Tjerk Smeets (born 3 June 1980) is a Dutch baseball player who currently plays for Kinheim and the Dutch national team. He is the son of Dutch radio and television personality, writer, and columnist Mart Smeets.

Smeets played his college baseball in the United States. In 1999, he homered in his only at-bat and drew two walks. In 2000, he was one for two with a RBI. In 2001, he hit .159/.256/.304 in 30 games. He did homer in a game in which Middle Tennessee State set a school record with 8 circuit clouts.
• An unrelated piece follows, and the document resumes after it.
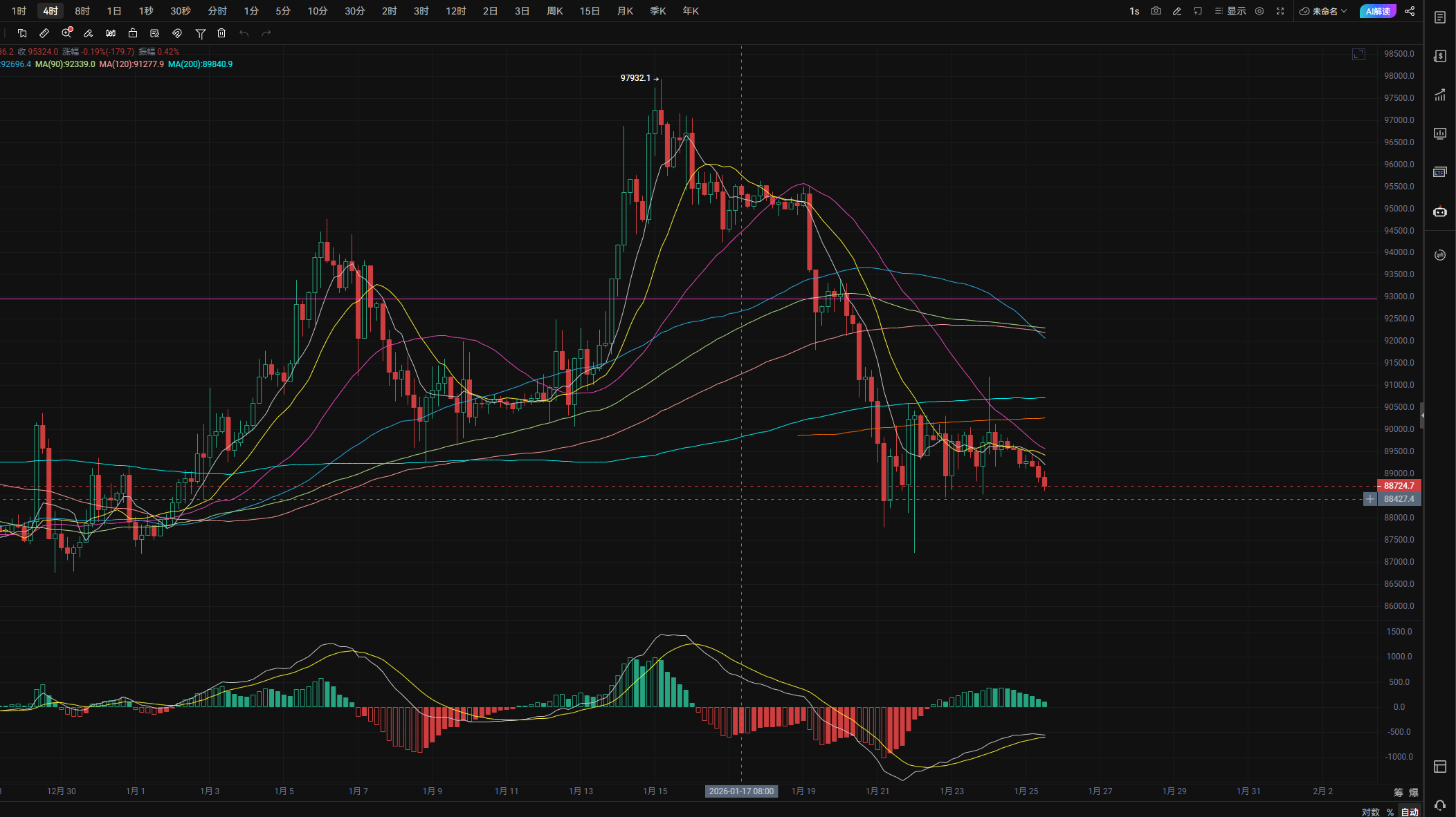 下方回踩85080-83830附近可进行接多,反弹目标可看至88000-92000附近

Smeets played for the Dutch team in the 2003 World Port Tournament, going 1 for 2 with a 2-run homer. As it was one of just two home runs in the event, Smeets won the World Port Tournament Home Run King award. In 2005, he hit .326/.433/.439 for the Amsterdam Pirates to finish 6th in the Hoofdklasse in average, 7th in OBP and 8th in slugging. He was 8th in walks (23) and tied for third with 3 homers, trailing Ivanon Coffie and Dirk van 't Klooster. He played for the Netherlands in the 2005 European Championship.
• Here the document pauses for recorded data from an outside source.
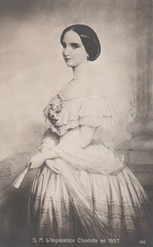 Keywords: Empress Carlota, Wettin family, Habsburg family, Empress, straight coiffure, off shoulder vee neckline, bertha, modesty piece, floral bodice ornament, wrap, vee waistline, full skirt, fan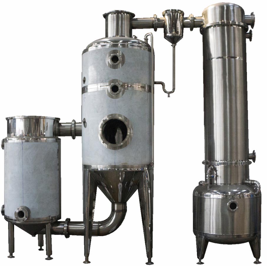 單效外循環(huán)真空濃縮器,由加熱器、蒸發(fā)器、除沫器、冷凝器、冷卻器、受液罐等組成,凡與物料接觸部件均采用優(yōu)質(zhì)不銹鋼制作,本設(shè)備
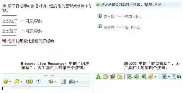 Nudge 中文译作“闪屏振动”,跟“传情动漫”似的有一股水果风。两年后,QQ2007II Beta1(2007.10.18 发布)加入一模一样的功能,你叫“闪屏振动”,我就叫“窗口抖动”。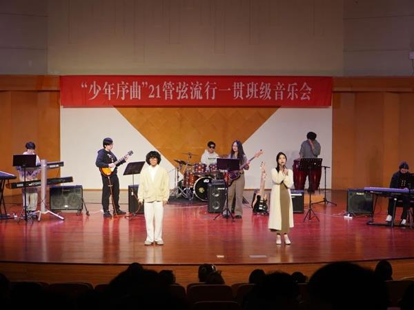 音樂會的下半場是流行音樂專業同學的精彩高光時刻。擔任下半場電聲樂隊伴奏的是 21 流行一貫的徐楊、籃子翔、張明朔、潘亦博、潘妮、章曉雪、楊樂啟、鄭卜瑋、劉軒?9名同學,在這支?春活力的隊伍中,彙集了音樂學院第二屆學 生技能大賽(流行音樂專業)的數名獲獎選手,一經亮相便贏得了全場熱烈的歡呼聲。

Smeets moved to Corendon Kinheim in 2006 and batted .349/.446/.454 with 36 RBI in 41 games and fielded .996 at catcher. He was 7th in average, 6th in slugging, third in OBP (behind Eugene Kingsale and Sidney de Jong), tied Reily Legito for the RBI lead, was third with 13 doubles (behind Yuji Nerei and Fausto Álvarez), tied Kingsale, Roel Koolen and Evert-Jan 't Hoen for 5th with 27 walks and tied Nerei for 5th with 53 hits. He hit .482 with runners in scoring position. Smeets won the Hoofdklasse MVP award, the 4th catcher so honored. He was 2 for 12 in the playoffs but 9 for 21 with 3 walks and five runs in five games in the Holland Series as Kinheim won the title.
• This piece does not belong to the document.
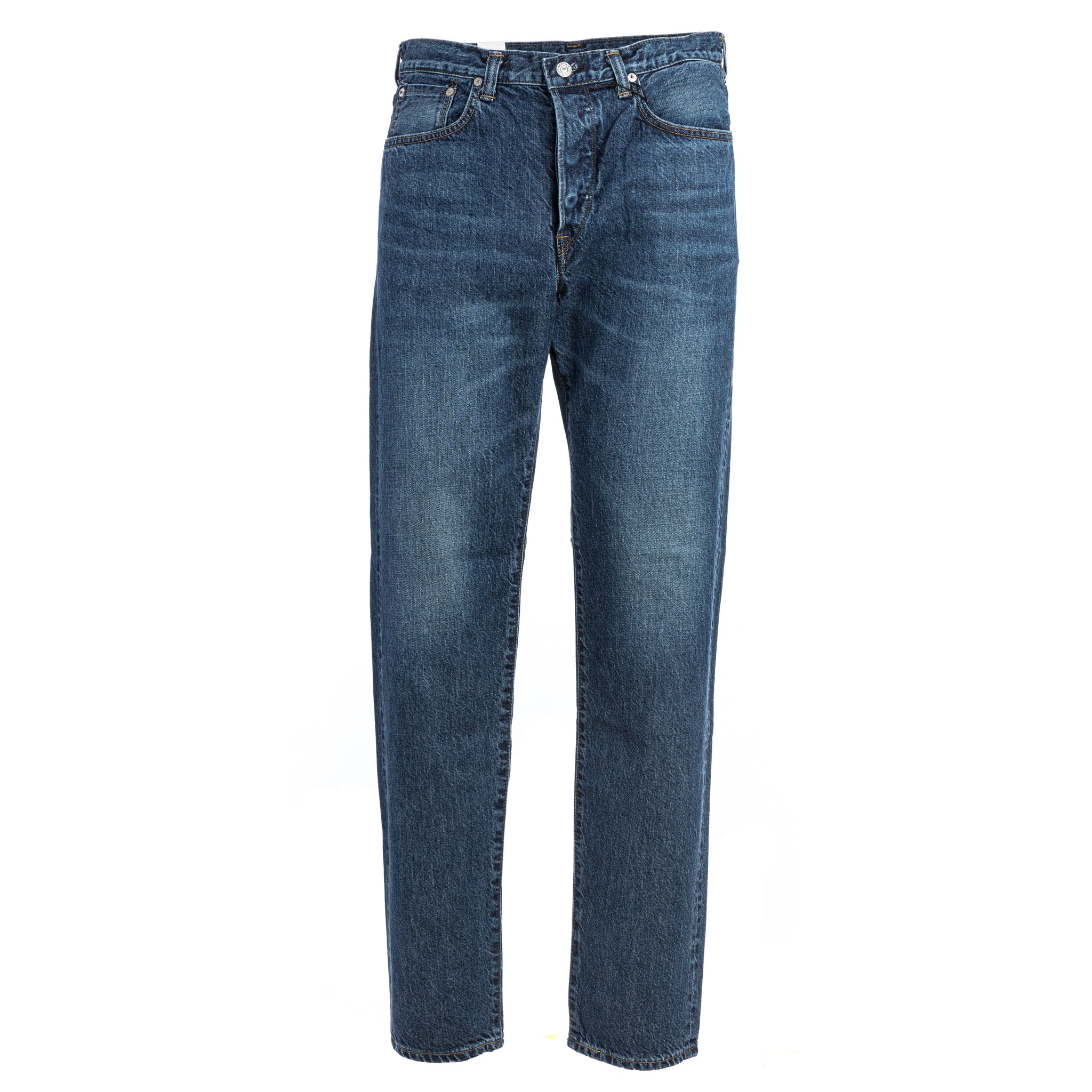 Collection "Fabriqué au Japon". Les jeans fuselés réguliers sont fabriqués avec un tissu denim selvedge arc-en-ciel Nihon Menpu de 13,5 oz, Dark Pure Indigo Rainbow. Lavage moyen foncé. 5 poches, fermeture bouton griffée. Boucle au dos en cuir clair. Petite étiquette sur la poche arrière droite. Toile denim ferme.

Smeets was 0 for 2 in the 2006 Haarlem Baseball Week. In the 2006 Intercontinental Cup, he was 1 for 4 with a walk and two runs for the silver medalists, backing up de Jong at catcher. In the 2007 Hoofdklasse campaign, Smeets hit .294/.379/.531 with 36 runs and 43 RBI in 36 games and threw out 14 of 30 attempted base-stealers. He hit .300 with a .391 OBP in the playoffs then batted .333/.333/.400 in the 2007 Holland Series. He scored their first run in their successful championship defense and had three hits in game one; in game two, he was thrown out trying to score in a key play but Kinheim rallied to win. Smeets was 4th in slugging percentage in 2007, second to Alvarez in home runs (with 7), tied with Benjamin Dille for fifth in runs (36), first in RBI (six ahead of Martijn Meeuwis) and tied for 4th in doubles (13).

Smeets batted .263/.391/.316 for Kinheim in the 2007 European Cup, their first European Cup title ever. In the 2007 European Championship, Smeets was 1 for 5 with two walks and a time hit by pitch. Backing up de Jong, he only played against Sweden and Croatia. Smeets was 2 for 8 in the 2007 World Port Tournament but struck out four times. In the 2007 Baseball World Cup, Smeets was 3 for 6 with a homer. De Jong remained the starter in important games as Smeets only saw action at catcher against Germany. Smeets batted .421/.476/.526 to help Kinheim win the 2008 European Cup in Grosseto. His 7 RBI tied for the lead. He had the big hit of the competition; down 2–1 in the bottom of the 10th of the Gold medal games, Smeets doubled in René Cremer and Dirk van 't Klooster with a shot off of Linc Mikkelsen; Smeets had fouled off five pitches in a row before the double.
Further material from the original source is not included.